A CAN-DO CULTURE BUILT ON DIFFICULT FORMULATIONS
As a US-based injectables CDMO, Lifecore Injectables has built a reputation for embracing complex process development and manufacturing challenges that others avoid (Figure 1). This mindset is rooted in the company’s legacy as a manufacturer of sodium hyaluronate, a highly viscous material known for being difficult to filter and fill. Developing expertise in such demanding formulations early on laid the foundation for Lifecore’s distinct technical capabilities.
Figure 1: Lifecore is a go-to partner for complex injectables programmes.
“SINCE INITIATING ASEPTIC FILLING OPERATIONS IN 1989, LIFECORE HAS ACCUMULATED DECADES OF EXPERIENCE
WORKING WITH HIGHLY VISCOUS AND SENSITIVE COMPOUNDS.”
Since initiating aseptic filling operations in 1989, Lifecore has accumulated decades of experience working with highly viscous and sensitive compounds. This history has fostered a culture defined by technical confidence and a willingness to tackle complexity head-on.
UNIQUE CAPABILITIES BACKED BY PROVEN QUALITY
No matter the challenge, Lifecore’s work is supported by a robust quality management system (QMS). The effectiveness of this system has been demonstrated through successful drug product, medical device and combination product submissions across all stages of development.

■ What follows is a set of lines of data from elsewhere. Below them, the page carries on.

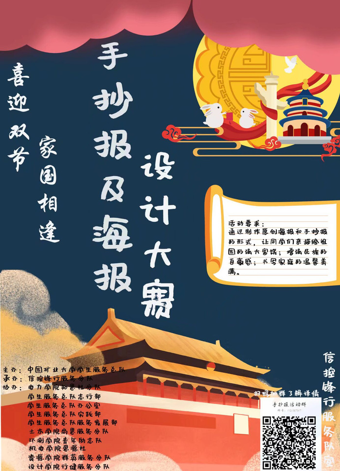 锋行服务队在假期中承办了“喜迎双节,家国相逢”手抄报及海报设计大赛。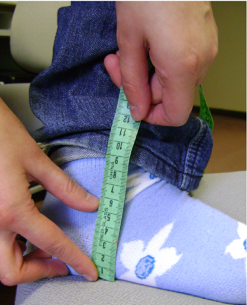 La distancia tal n-tobillo se mide a la altura mas prominente del talon y se proyecta horizontal hasta la altura del tobillo: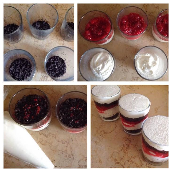 Ora potete comporre i vostri piccoli tiramisù: Versate un cucchiaio di biscotti tritati alla base di ogni bicchiere, mettete la crema aiutandovi con sac a poche, poi i lamponi, altri biscotti e così via.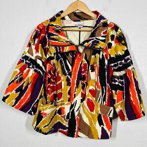 Vintage Just B Shacke tTop Jacket Mod Print Mock Neck Casual 3/4 Sleeve - XL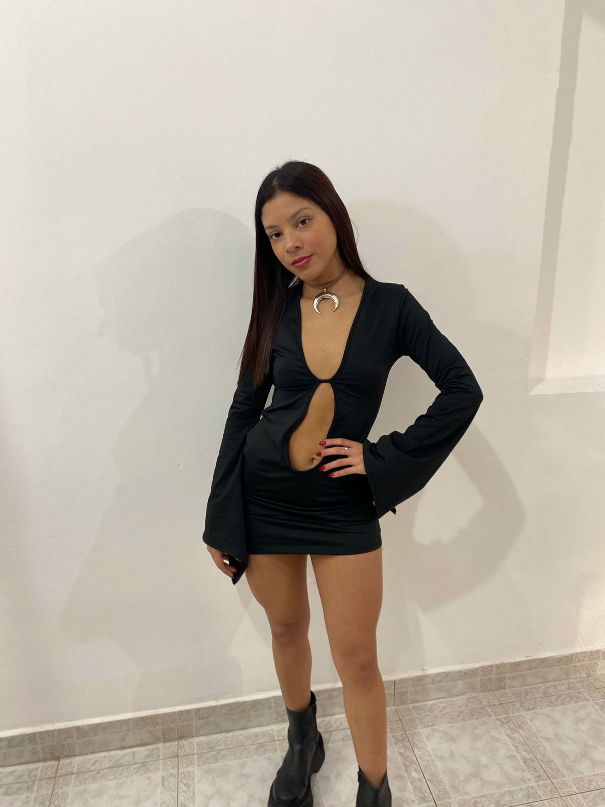 Vestido mangas largas oxford, con abertura en el frente, de lycra, talle único para un S/M, va hasta un talle 3.

With hundreds of millions of commercial units distributed worldwide and more than 40 years of quality and compliance experience, Lifecore has established a strong regulatory track record (Figure 2). The company’s QMS continues to evolve through close engagement with global regulatory bodies and extensive oversight, including more than 60 audit days per year conducted by regulators and customers.
Figure 2: Lifecore has a global quality and compliance track record of over 40 years.
“LIFECORE IS FREQUENTLY ENGAGED BY CUSTOMERS ENCOUNTERING MANUFACTURING HURDLES THAT CANNOT BE RESOLVED ELSEWHERE.”
SOLVING THE PROBLEMS OTHERS CANNOT
Lifecore is frequently engaged by customers encountering manufacturing hurdles that cannot be resolved elsewhere. In one example, a customer approached Lifecore to fill and finish a polymer-based formulation so viscous that it was nearly solid at room temperature. The original equipment manufacturer deemed the product impossible to fill.
Lifecore’s team developed a solution by designing custom equipment to heat the product, enabling it to flow consistently throughout the manufacturing process. Filling machines were retrofitted with heating capabilities to ensure reliable flow through the narrow internal diameters of the filling needles.
Among Lifecore’s sterile filtration solutions, a proven high-pressure sterile filtration skid enables aseptic filtration of high-viscosity formulations (up to 100,000 cP). This capability addresses a critical need for products that cannot be terminally sterilised and has been validated for use in a variety of applications.
Viscosity-related challenges can also impact device performance. Increased injection pressure in high-viscosity formulations may cause syringe needles to detach at the Luer. To mitigate this risk, Lifecore has collaborated with customers to implement custom assembly and packaging solutions that incorporate needle retention devices. While seemingly straightforward, successfully scaling these solutions required the design of custom automated machinery capable of meeting commercial production demands.
Figure 3: Lifecore can support a range of vial, syringe and cartridge options.
READY WHEN IT MATTERS MOST
Has Lifecore encountered every challenge imaginable? No. But with confidence grounded in decades of experience, a proven record of technical problem-solving and a culture that embraces complexity and has a quality system to back it up, Lifecore is prepared for the future challenges that will inevitably arise (Figure 3). At Lifecore, conquering complexity is not an exception – it is at the core of the company’s ethos and how it supports its customers when it matters most.